### EXERCISE DESCRIPTION
Pictures aside, copy every record word for word.

### INFORMATION

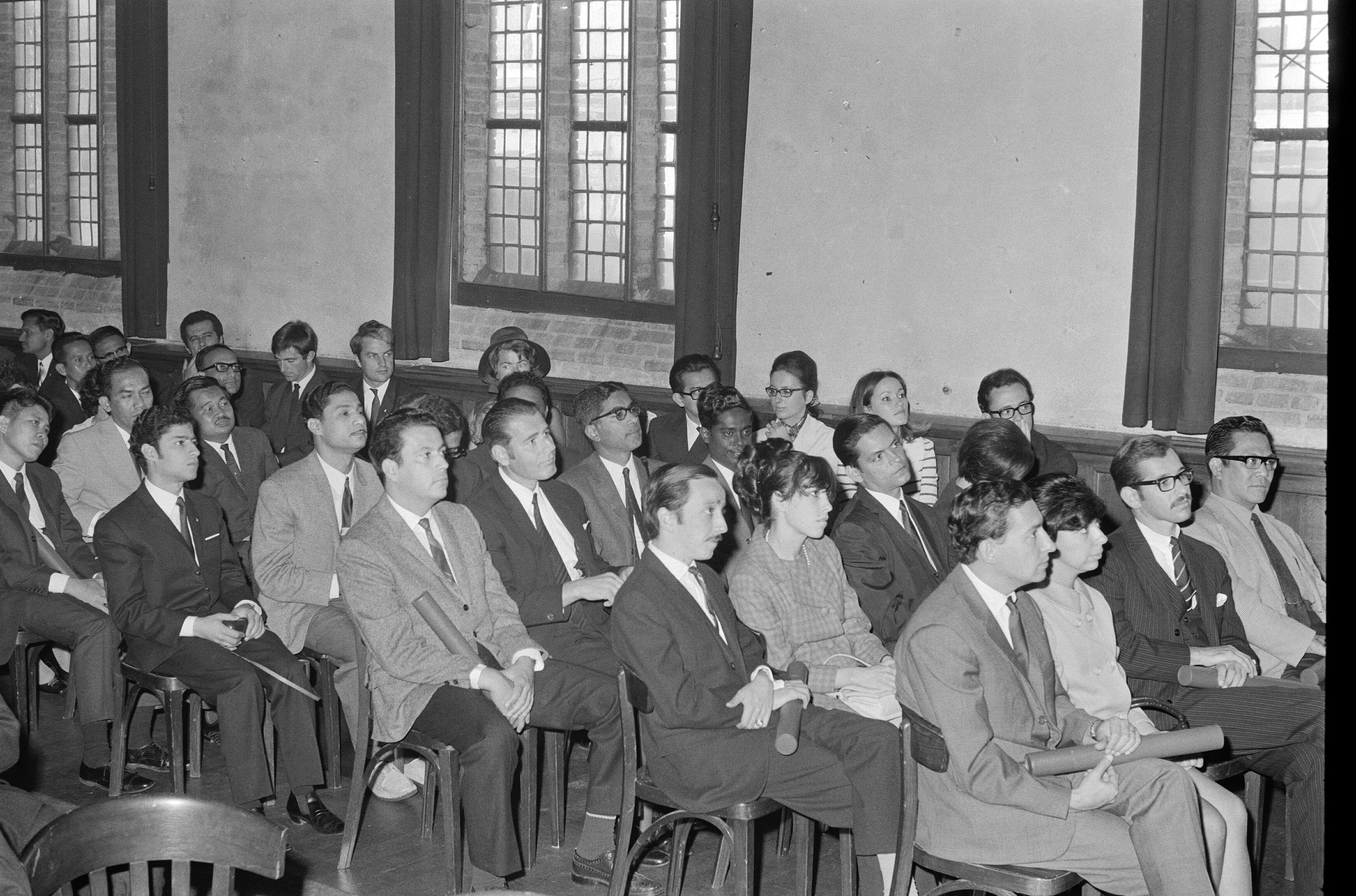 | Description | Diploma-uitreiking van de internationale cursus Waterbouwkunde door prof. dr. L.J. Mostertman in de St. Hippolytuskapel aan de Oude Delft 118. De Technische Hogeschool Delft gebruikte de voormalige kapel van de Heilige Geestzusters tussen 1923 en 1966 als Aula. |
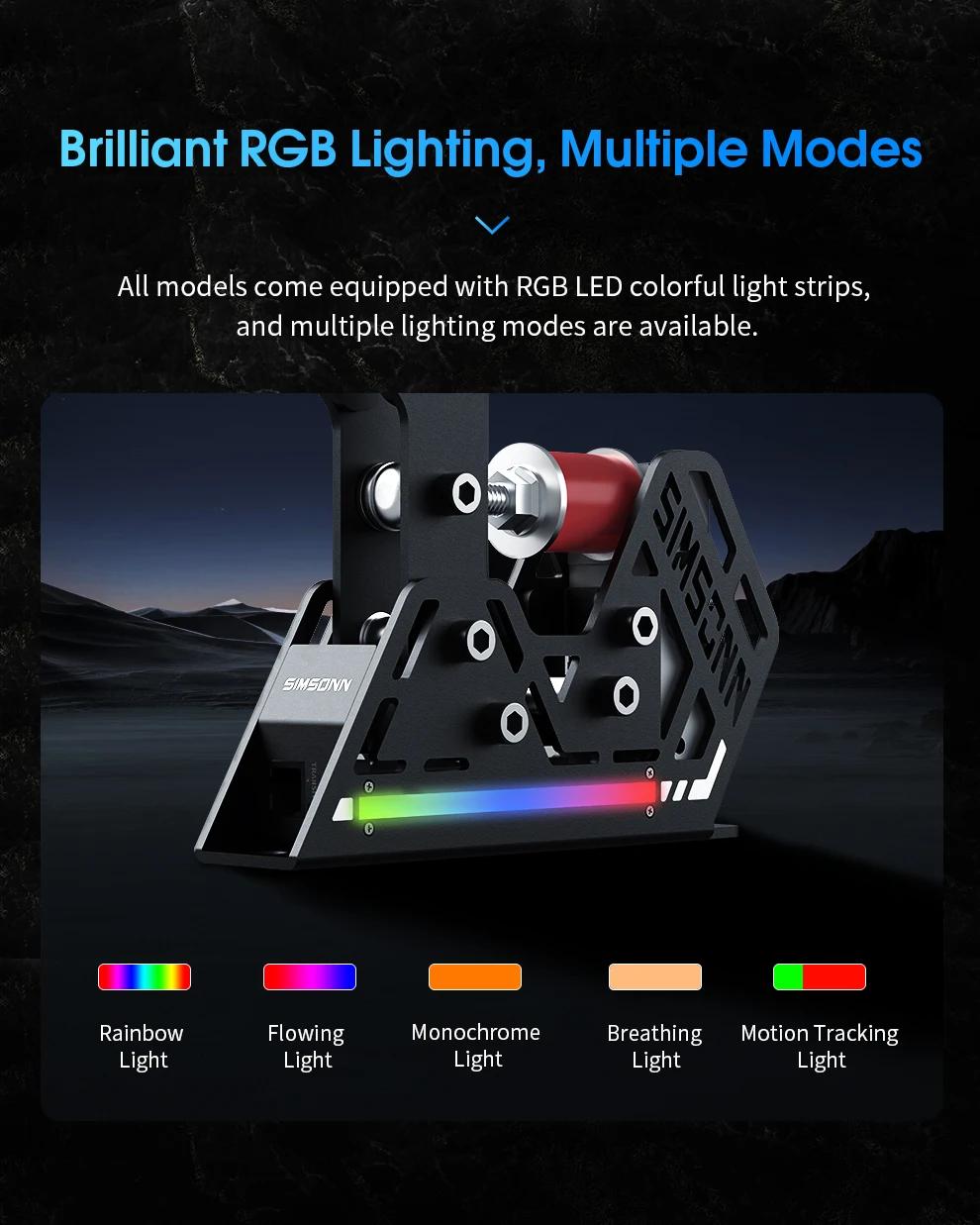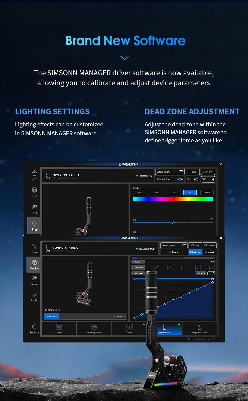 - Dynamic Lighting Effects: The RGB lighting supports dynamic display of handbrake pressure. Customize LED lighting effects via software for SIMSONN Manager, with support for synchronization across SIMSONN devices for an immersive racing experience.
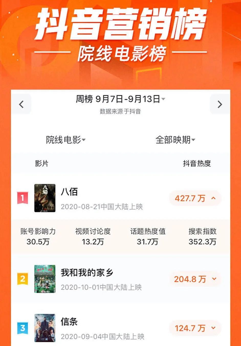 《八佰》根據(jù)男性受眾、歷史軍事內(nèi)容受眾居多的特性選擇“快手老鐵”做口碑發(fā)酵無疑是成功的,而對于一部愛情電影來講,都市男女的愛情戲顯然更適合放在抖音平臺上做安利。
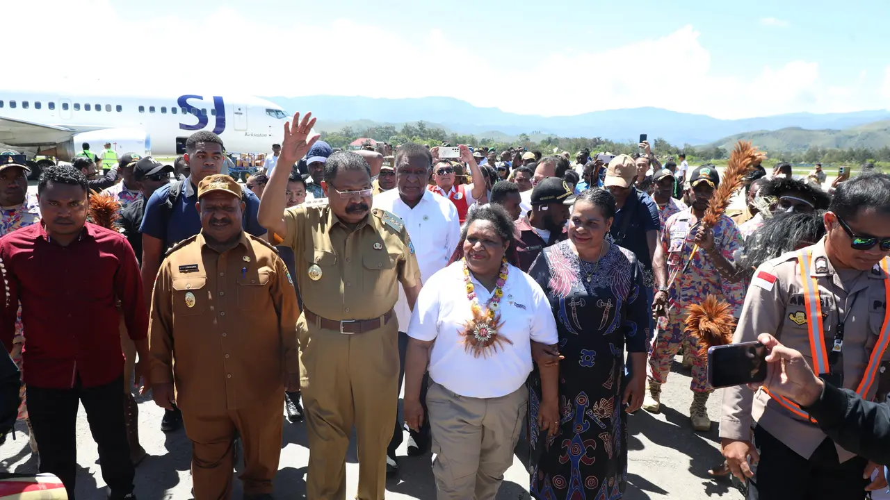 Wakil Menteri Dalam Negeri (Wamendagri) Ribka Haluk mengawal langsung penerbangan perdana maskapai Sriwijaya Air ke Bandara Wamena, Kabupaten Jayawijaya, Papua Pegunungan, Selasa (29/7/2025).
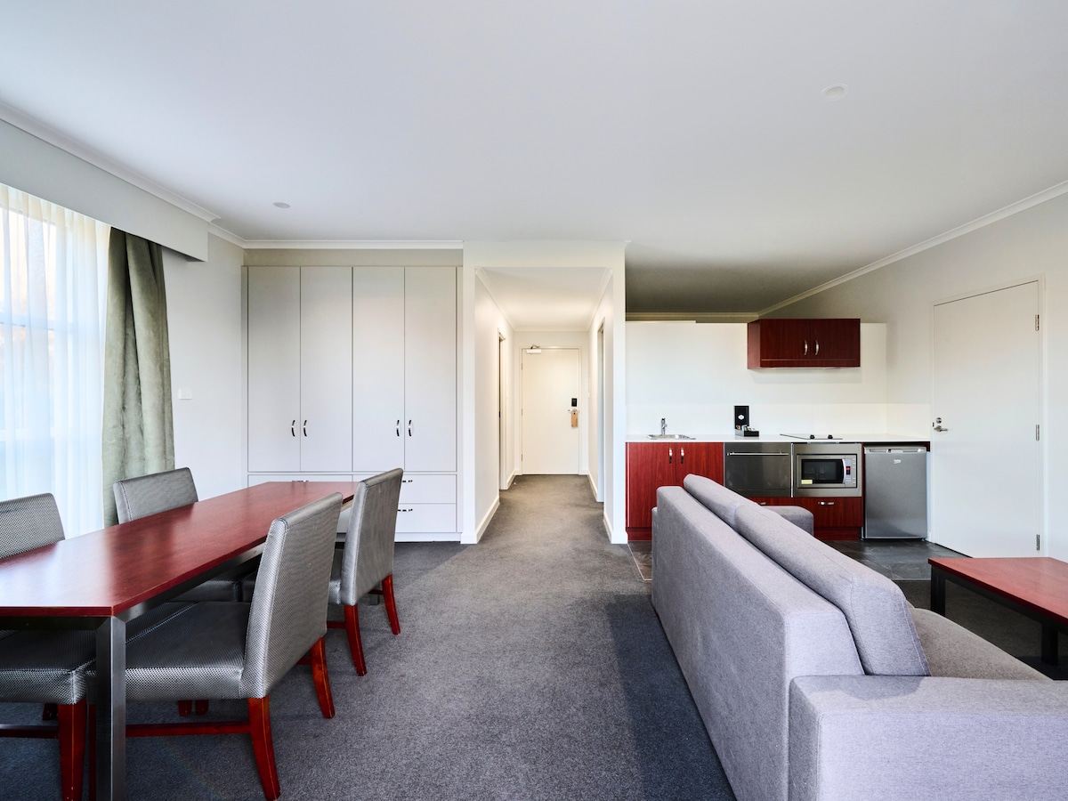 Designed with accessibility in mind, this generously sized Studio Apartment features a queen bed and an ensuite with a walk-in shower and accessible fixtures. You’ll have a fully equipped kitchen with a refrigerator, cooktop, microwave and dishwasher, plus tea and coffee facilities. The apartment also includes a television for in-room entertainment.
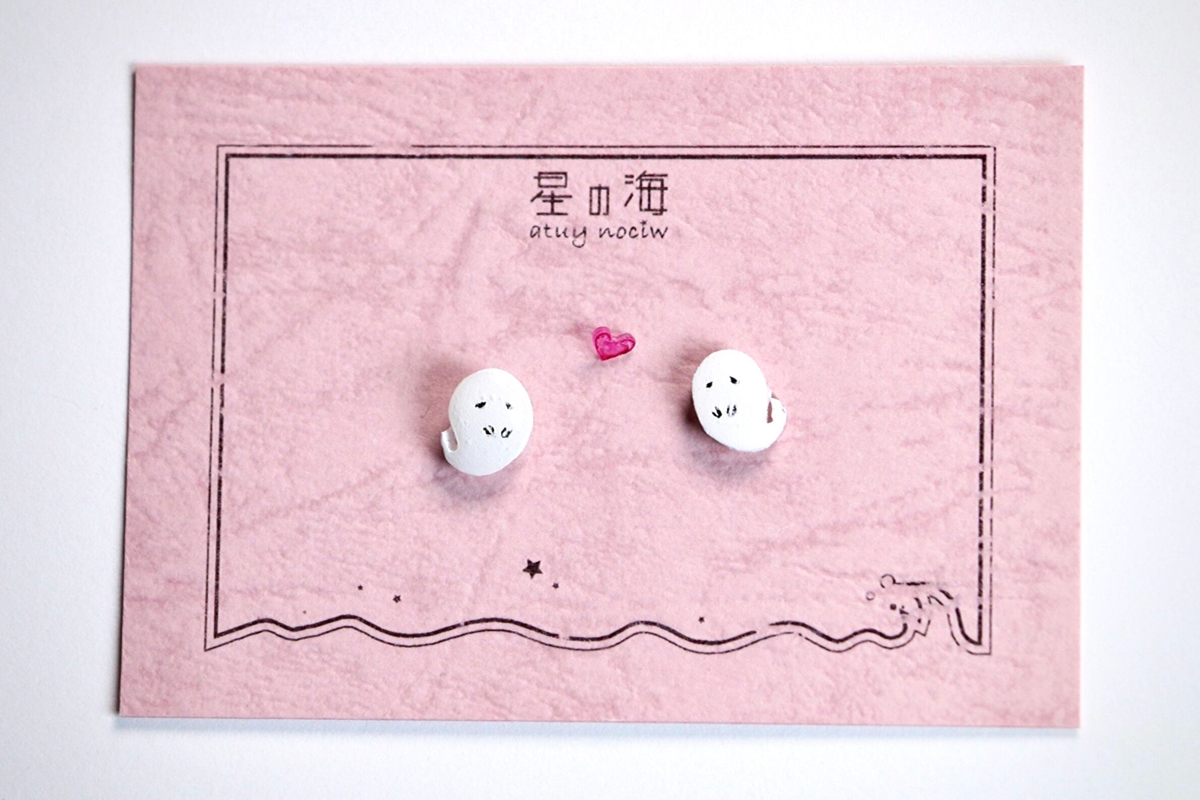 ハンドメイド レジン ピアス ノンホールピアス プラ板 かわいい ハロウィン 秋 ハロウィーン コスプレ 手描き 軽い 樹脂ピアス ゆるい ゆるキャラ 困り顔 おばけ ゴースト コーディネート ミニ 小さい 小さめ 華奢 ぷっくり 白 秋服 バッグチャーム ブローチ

### RESPONSE
 | Description | Diploma-uitreiking van de internationale cursus Waterbouwkunde door prof. dr. L.J. Mostertman in de St. Hippolytuskapel aan de Oude Delft 118. De Technische Hogeschool Delft gebruikte de voormalige kapel van de Heilige Geestzusters tussen 1923 en 1966 als Aula. |
 - Dynamic Lighting Effects: The RGB lighting supports dynamic display of handbrake pressure. Customize LED lighting effects via software for SIMSONN Manager, with support for synchronization across SIMSONN devices for an immersive racing experience.
 《八佰》根據(jù)男性受眾、歷史軍事內(nèi)容受眾居多的特性選擇“快手老鐵”做口碑發(fā)酵無疑是成功的,而對于一部愛情電影來講,都市男女的愛情戲顯然更適合放在抖音平臺上做安利。
 Wakil Menteri Dalam Negeri (Wamendagri) Ribka Haluk mengawal langsung penerbangan perdana maskapai Sriwijaya Air ke Bandara Wamena, Kabupaten Jayawijaya, Papua Pegunungan, Selasa (29/7/2025).
 Designed with accessibility in mind, this generously sized Studio Apartment features a queen bed and an ensuite with a walk-in shower and accessible fixtures. You’ll have a fully equipped kitchen with a refrigerator, cooktop, microwave and dishwasher, plus tea and coffee facilities. The apartment also includes a television for in-room entertainment.
 ハンドメイド レジン ピアス ノンホールピアス プラ板 かわいい ハロウィン 秋 ハロウィーン コスプレ 手描き 軽い 樹脂ピアス ゆるい ゆるキャラ 困り顔 おばけ ゴースト コーディネート ミニ 小さい 小さめ 華奢 ぷっくり 白 秋服 バッグチャーム ブローチ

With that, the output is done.